DATA EXTRACTS:

============

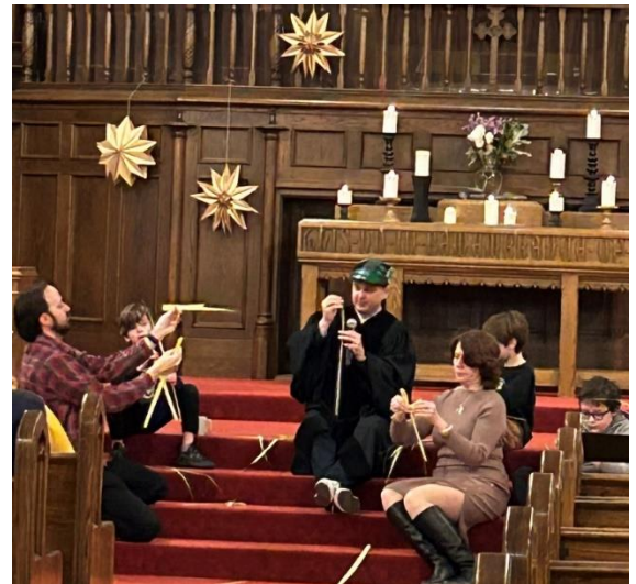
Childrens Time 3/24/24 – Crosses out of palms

============

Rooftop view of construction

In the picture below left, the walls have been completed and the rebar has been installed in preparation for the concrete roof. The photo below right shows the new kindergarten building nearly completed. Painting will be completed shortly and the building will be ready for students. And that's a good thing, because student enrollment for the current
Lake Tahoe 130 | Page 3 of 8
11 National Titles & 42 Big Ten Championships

============

WHAT YOU SHOULD DO: Retype exactly the lines above, from the one with "Lake Tahoe 130 | Page 3 of 8" through the one with "11 National Titles & 42 Big Ten Championships", inclusive.

RESPONSE TO THE TASK:
Lake Tahoe 130 | Page 3 of 8
11 National Titles & 42 Big Ten Championships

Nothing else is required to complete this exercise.